Boost your small business planDate posted: 7/19/14 11:45:00 AM
Author Lee Child once wrote, "Hope for the best, plan for the worst."
It's advice all small business owners - especially those just starting up - should take into account. With so many variables in the current economy, business owners need to create a blueprint for success. Some of these may include how to find new markets, gain customers and create a product that consumers want.
The Imperial Valley Small Business Development Center has designed a business plan template to help start-ups navigate the rocky roads of the business world. The eight-step plan takes people through stages that are necessary to confront prior to investing all of their money into a company.
Those steps, in order, include an executive summary, business history and objectives, management and organization, business environment, market research, marketing plan, financial plan and exit strategy or transitional plan.
Although listed first, the executive summary can be completed last after the business plan is complete, so that way, the small business owner can best summarize his model for success.
Teaming up with a lawyer
Forbes reported that small business start-ups should work with an attorney during the early planning stages of a company. From assisting with paperwork to helping you understand certain legal situations, a lawyer can help your organization get off the ground.
Clark Watson, a partner at Balch and Bingham LLP, told Forbes a lawyer can help a small business owner from getting ahead of themselves.
"When people start a new business, they are generally optimistic about their success and see their future through rose-colored glasses," Watson said. "It is good for them to be enthusiastic, and the lawyer should now pour proverbial cold water on that zeal."
Watson said a primary aspect for any attorney is helping a client avoid unforeseen pitfalls, which often pose the greatest risk to small business owners because of their unexpected nature.

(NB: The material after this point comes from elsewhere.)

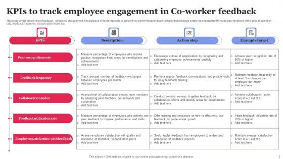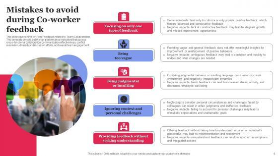 This slide covers KPIs for Peer Feedback related to Team Collaboration. This template aims to outline key performance indicators that assess cross-functional collaboration, communication effectiveness, conflict resolution, diversity and inclusion efforts, and overall team engagement. Pitch your topic with ease and precision using this Mistakes To Avoid During Co Worker Feedback Template Pdf This layout presents information on Being Too Vague, Being Judgmental Or Insulting, Ignoring Context It is also available for immediate download and adjustment. So, changes can be made in the color, design, graphics or any other component to create a unique layout. This slide covers KPIs for Peer Feedback related to Team Collaboration. This template aims to outline key performance indicators that assess cross-functional collaboration, communication effectiveness, conflict resolution, diversity and inclusion efforts, and overall team engagement.

"One of the greatest things that I can do for my business clients is not simply advise them on the issues they affirmatively present to me, but to ask them questions about potential issues that they have never considered," Watson said.
Good advice can help you avoid pitfalls
Even the most well-prepared business owners and fledging entrepreneurs are likely to miss certain details pertaining to the blueprint of their business. Nina Ries, principal of Ries Law Group, told Forbes that a good lawyer will help escort you through legal documentation patterned to protect your business from a scope of liabilities.
"Good advice can help you avoid costly mistakes and steer you in the direction of success," Ries said. "This covers incorporation or organization, the drafting of any formation documents, obtaining any relevant permits or licenses, renting space, confirming intellectual property rights, preparing agreements, and preparing for operations."
Curbing unanticipated risk
Laws are complex, and they might not be able to spot every small business speed bump, according to Ries. She urges small business owners to look for lawyers who are at ease with uncertain situations.
"An attorney is a member of your team and someone who will tend to legal matters so you can focus on what you do best: growing your business," Ries said.
Ries said much like other professions, a lawyer with a strong network often provides the best advice and results for their clients.
"Since no single attorney can be an expert in every area of the law, it helps if your attorney has a strong network of talented professionals in a variety of other specialties you may need to draw upon," Ries noted.